■ PROVIDED MATERIAL:
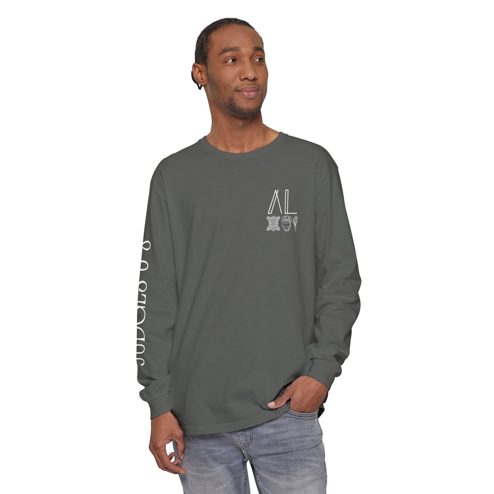 The soft, lived-in color and medium-weight ring-spun cotton drape comfortably while the classic fit keeps the silhouette relaxed. The design reads like a personal crest, steady and unassuming. Slim text runs down one sleeve for a subtle, collegiate feel. It’s the kind of long sleeve you reach for when you want something durable yet gentle, a wearable statement that settles into your rotation and ages beautifully with time.
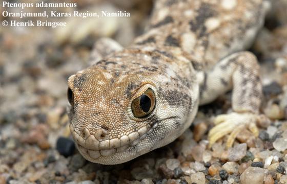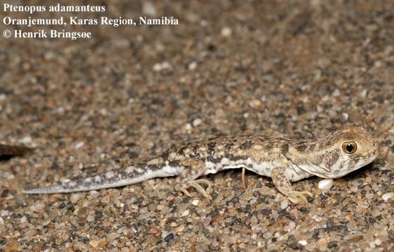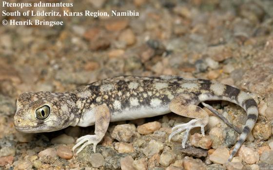 | Synonym | Ptenopus adamanteus BECKER, ALEXANDER & TOLLEY 2025: 300 Ptenopus garrulus maculatus – FITZSIMONS 1935: 525; (in part) Ptenopus garrulus maculatus – FITZSIMONS 1937b:160 (in part) Ptenopus garrulus maculatus – HAACKE 1969: 92 (in part) Ptenopus garrulus maculatus – MERTENS 1971: 44 (in part) Ptenopus garrulus maculatus – HAACKE 1975 (in part) Ptenopus garrulus (in part) – BRAIN 1962: fig. 3 (in part) |
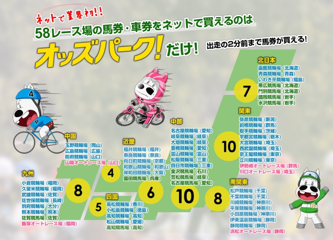 オッズパークは58ものレース場に投票出来ます!しかも無料なので気軽に加入出来て便利。

■ BRIEF: What this calls for is the material above set down exactly, pictures excluded.

■ SOLUTION TO THE EXERCISE:
 The soft, lived-in color and medium-weight ring-spun cotton drape comfortably while the classic fit keeps the silhouette relaxed. The design reads like a personal crest, steady and unassuming. Slim text runs down one sleeve for a subtle, collegiate feel. It’s the kind of long sleeve you reach for when you want something durable yet gentle, a wearable statement that settles into your rotation and ages beautifully with time.
 | Synonym | Ptenopus adamanteus BECKER, ALEXANDER & TOLLEY 2025: 300 Ptenopus garrulus maculatus – FITZSIMONS 1935: 525; (in part) Ptenopus garrulus maculatus – FITZSIMONS 1937b:160 (in part) Ptenopus garrulus maculatus – HAACKE 1969: 92 (in part) Ptenopus garrulus maculatus – MERTENS 1971: 44 (in part) Ptenopus garrulus maculatus – HAACKE 1975 (in part) Ptenopus garrulus (in part) – BRAIN 1962: fig. 3 (in part) |
 オッズパークは58ものレース場に投票出来ます!しかも無料なので気軽に加入出来て便利。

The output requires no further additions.